Horror

One lock was not enough.

Black Elk thought it would be. But after he held the wonderful yellow curls in his hand and felt how soft the hair was and marveled at how the sunlight turned the yellow to gold, he wasn’t content. He wanted more than one lock. He wanted the whole head, and the girl that went with the head.

The others listened to his appeal, but Black Elk could tell Mad Wolf was the only other one as eager to continue tracking the girl. Mad Wolf was always eager to kill whites. Mad Wolf was always eager to kill anything.

“I say we let them go,” Small Otter declared. “They gave you the hair you asked for. To kill them now would be bad medicine.”

“You see bad medicine in everything,” Black Elk said. “If a cloud passes in front of the sun, to you that is bad medicine.”

Mad Wolf and Double Walker smiled.

“And we will not make war on the women,” Black Elk went on. “We will not kill Golden Hair or the old one or the other two. Only the men, so we can take their guns and horses.”

Double Walker said, “And so you can take Golden Hair, as you call her, back to our village. What will Sparrowhawk and your other wives say? You have not asked them if they want to raise this white girl as their own.”

Black Elk grunted. He had four wives. Among the Blackfeet only a poor man had one wife. Warriors rich in horses and possessions had as many wives as they could support. The leader of their band had five. “They are my women. They will do as I say.”

Mad Wolf grinned and said to Double Walker, “He does not want Golden Hair for a daughter. He wants her for a fifth wife.”

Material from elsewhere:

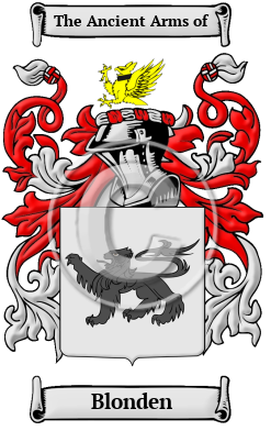 | Blonden History, Family Crest & Coats of Arms Early Origins of the Blonden familyThe surname Blonden was first found in Shropshire where they held a family seat as Lords of the Manor. The Saxon influence of English history diminished after the Battle of Hastings in 1066. The language of the courts was French for the next three centuries and the Norman ambience prevailed. But Saxon surnames survived and the family name was first referenced in the 13th century when they held estates in that shire. Early History of the Blonden familyThis web page shows only a small excerpt of our Blonden research. Another 130 words (9 lines of text) covering the years 1172, 1241, 1396, 1455, 1472, 1487, 1510, 1600, 1695, 1718, 1752, 1766, 1783 and 1982 are included under the topic Early Blonden History in all our PDF Extended History products and printed products wherever possible. Blonden Spelling VariationsUntil quite recently, the English language has lacked a definite system of spelling rules. Consequently, Anglo-Saxon surnames are characterized by a multitude of spelling variations. Changes in Anglo-Saxon names were influenced by the evolution of the English language, as it incorporated elements of French, Latin, and other languages. Although Medieval scribes and church officials recorded names as they sounded, so it is common to find one person referred to by several different spellings of his surname, even the most literate people varied the spelling of their own names. Variations of the name Blonden include Blunden, Blundin, Blundon, Blonden, Blondin and many more. Early Notables of the Blonden familyMore information is included under the topic Early Blonden Notables in all our PDF Extended History products and printed products wherever possible. Migration of the Blonden family to IrelandSome of the Blonden family moved to Ireland, but this topic is not covered in this excerpt. Another 118 words (8 lines of text) about their life in Ireland is included in all our PDF Extended History products and printed products wherever possible. Migration of the Blonden familySearching for a better life, many English families migrated to British colonies. Unfortunately, the majority of them traveled under extremely harsh conditions: overcrowding on the ships caused the majority of the immigrants to arrive diseased, famished, and destitute from the long journey across the ocean. For those families that arrived safely, modest prosperity was attainable, and many went on to make invaluable contributions to the development of the cultures of the new colonies. Research into the origins of individual families in North America revealed records of the immigration of a number of people bearing the name Blonden or a variant listed above: Eliza Blunden, who landed in Virginia in 1705; John Blunden, who arrived in Allegany (Allegheny) County, Pa in 1823; Edward Blunden, aged 28, arrived in Pennsylvania in 1838.

“She looks young,” Double Walker said.

“I can wait a few winters.” Black Elk could wait for as long as need be to make her his wife. No one in his band, no one in the entire tribe, had a wife like her. Several warriors had white women in their lodges but none with hair so yellow. Hers was like the sun. She must be a favorite of the sun god, he thought. She would bring good medicine to his lodge and his people. And at night, under the blankets, he could run his fingers through her hair and—he grew warm at the imagining.

Small Otter was speaking. “There is another matter. This Grizzly Killer. His is a name we all have heard. He is white but he is Shoshone. It is said he has killed more of the silver tip bears than any man, white or red. It is said he has counted many coup.”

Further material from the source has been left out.